• _Task directions_:
Please restate, exactly, only the lines from the beginning of the listing below through the line containing "Zahrádka nabízí příjemné", with the pictures left out.
─── Available data ───
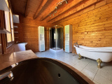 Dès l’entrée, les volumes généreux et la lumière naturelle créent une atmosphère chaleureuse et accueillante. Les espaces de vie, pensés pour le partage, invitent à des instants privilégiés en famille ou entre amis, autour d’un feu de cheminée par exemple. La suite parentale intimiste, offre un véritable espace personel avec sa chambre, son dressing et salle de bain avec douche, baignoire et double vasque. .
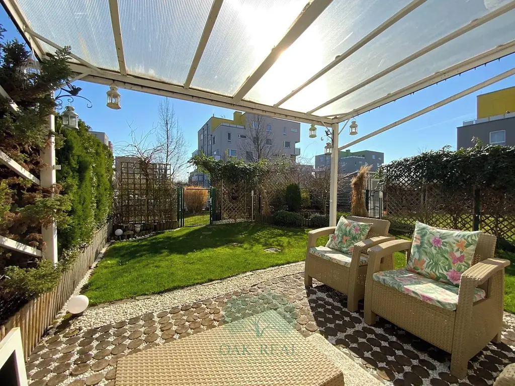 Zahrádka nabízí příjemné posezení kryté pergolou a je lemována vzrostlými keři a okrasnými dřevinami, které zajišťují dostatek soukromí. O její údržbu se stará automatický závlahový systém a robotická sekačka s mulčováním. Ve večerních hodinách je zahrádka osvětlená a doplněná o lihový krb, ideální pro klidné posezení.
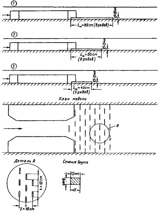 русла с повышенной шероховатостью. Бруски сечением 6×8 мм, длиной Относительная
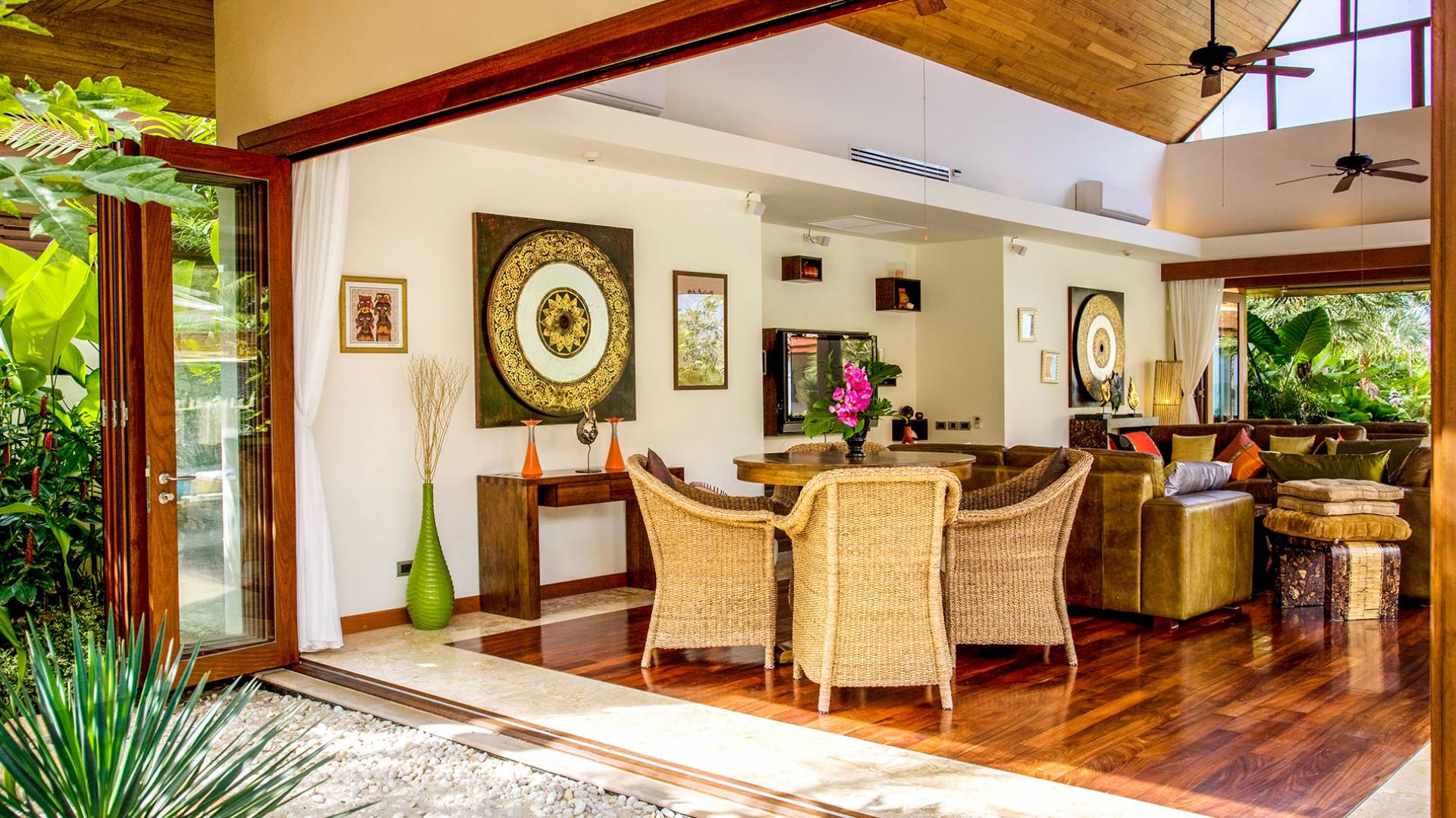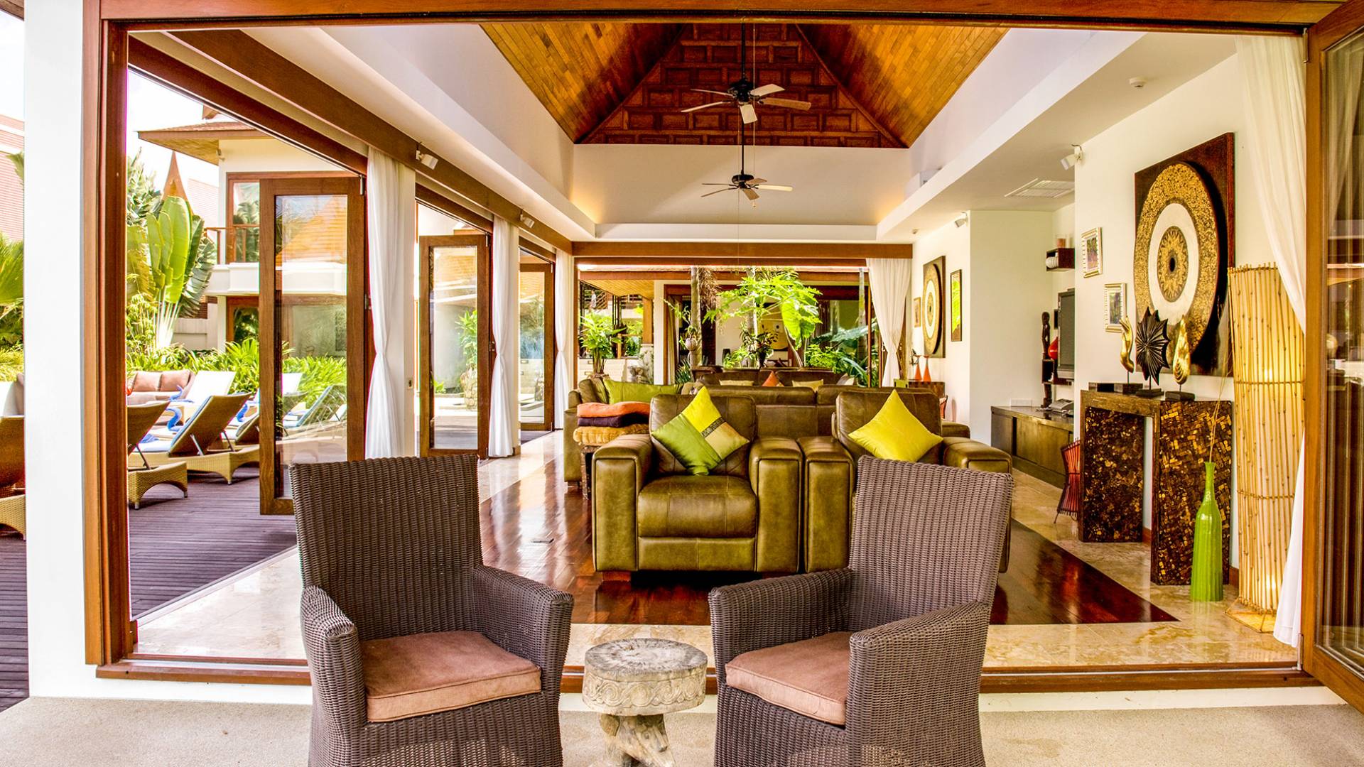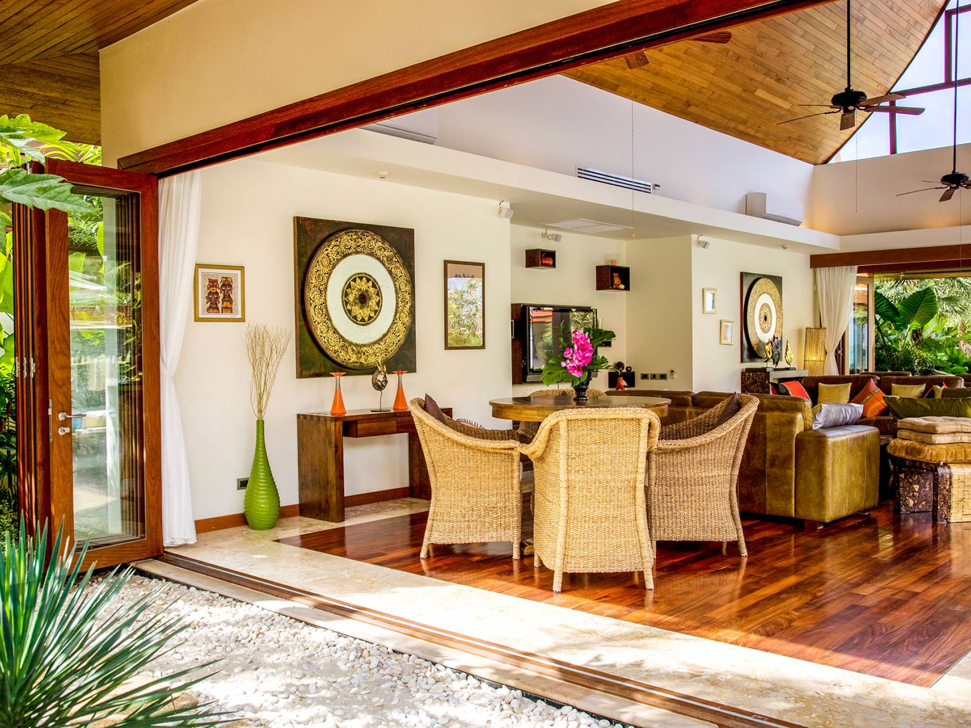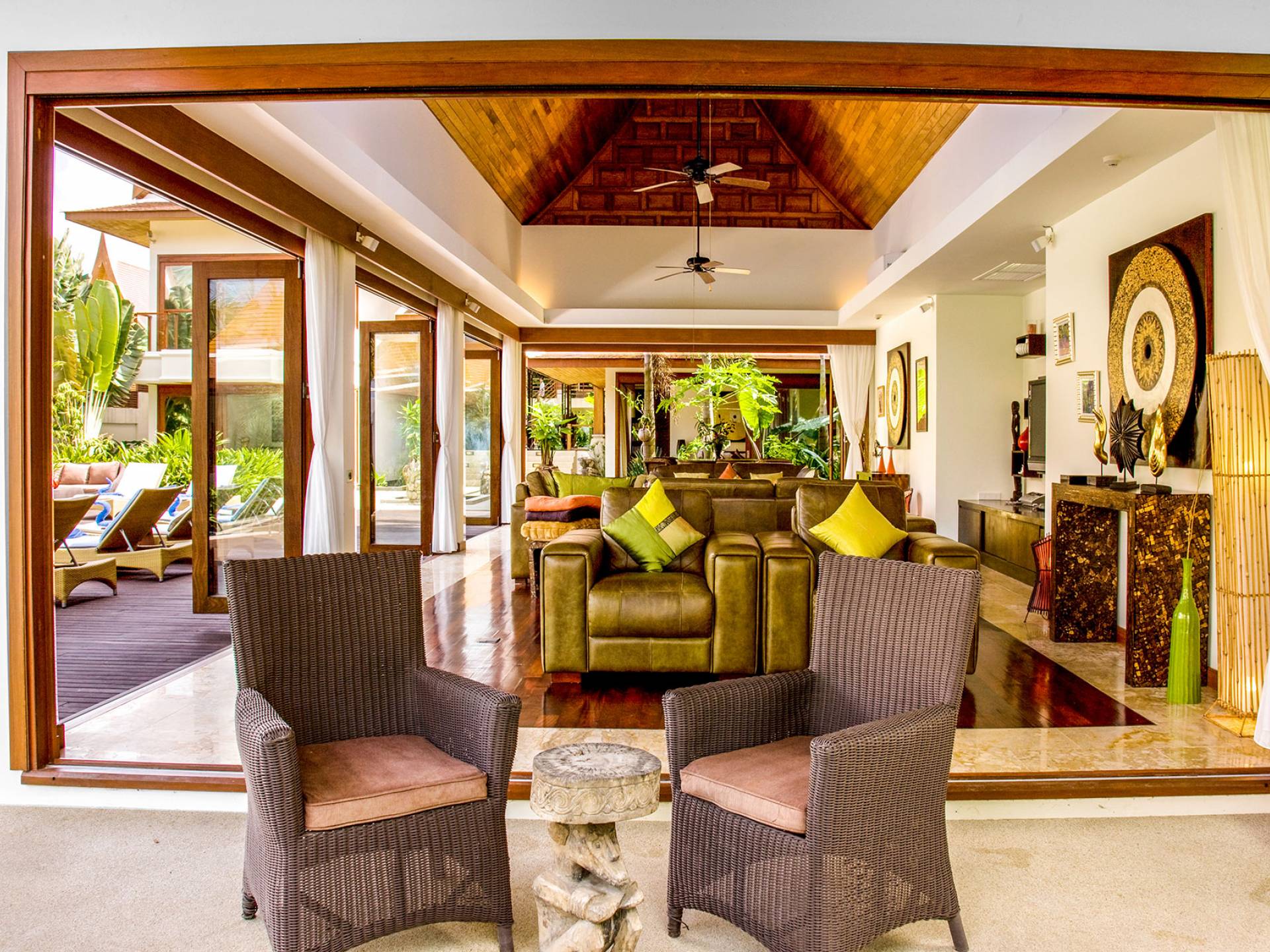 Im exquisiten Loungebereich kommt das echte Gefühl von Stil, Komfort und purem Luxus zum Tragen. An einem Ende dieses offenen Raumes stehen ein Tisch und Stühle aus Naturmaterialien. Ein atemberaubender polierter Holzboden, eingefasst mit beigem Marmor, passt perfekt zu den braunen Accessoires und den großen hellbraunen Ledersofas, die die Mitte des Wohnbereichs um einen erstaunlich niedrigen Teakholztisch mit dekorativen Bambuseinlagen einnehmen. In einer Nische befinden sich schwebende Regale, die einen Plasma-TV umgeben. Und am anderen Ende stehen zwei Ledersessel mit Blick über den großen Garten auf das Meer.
───
• _Solution for this problem_:
 Dès l’entrée, les volumes généreux et la lumière naturelle créent une atmosphère chaleureuse et accueillante. Les espaces de vie, pensés pour le partage, invitent à des instants privilégiés en famille ou entre amis, autour d’un feu de cheminée par exemple. La suite parentale intimiste, offre un véritable espace personel avec sa chambre, son dressing et salle de bain avec douche, baignoire et double vasque. .
 Zahrádka nabízí příjemné posezení kryté pergolou a je lemována vzrostlými keři a okrasnými dřevinami, které zajišťují dostatek soukromí. O její údržbu se stará automatický závlahový systém a robotická sekačka s mulčováním. Ve večerních hodinách je zahrádka osvětlená a doplněná o lihový krb, ideální pro klidné posezení.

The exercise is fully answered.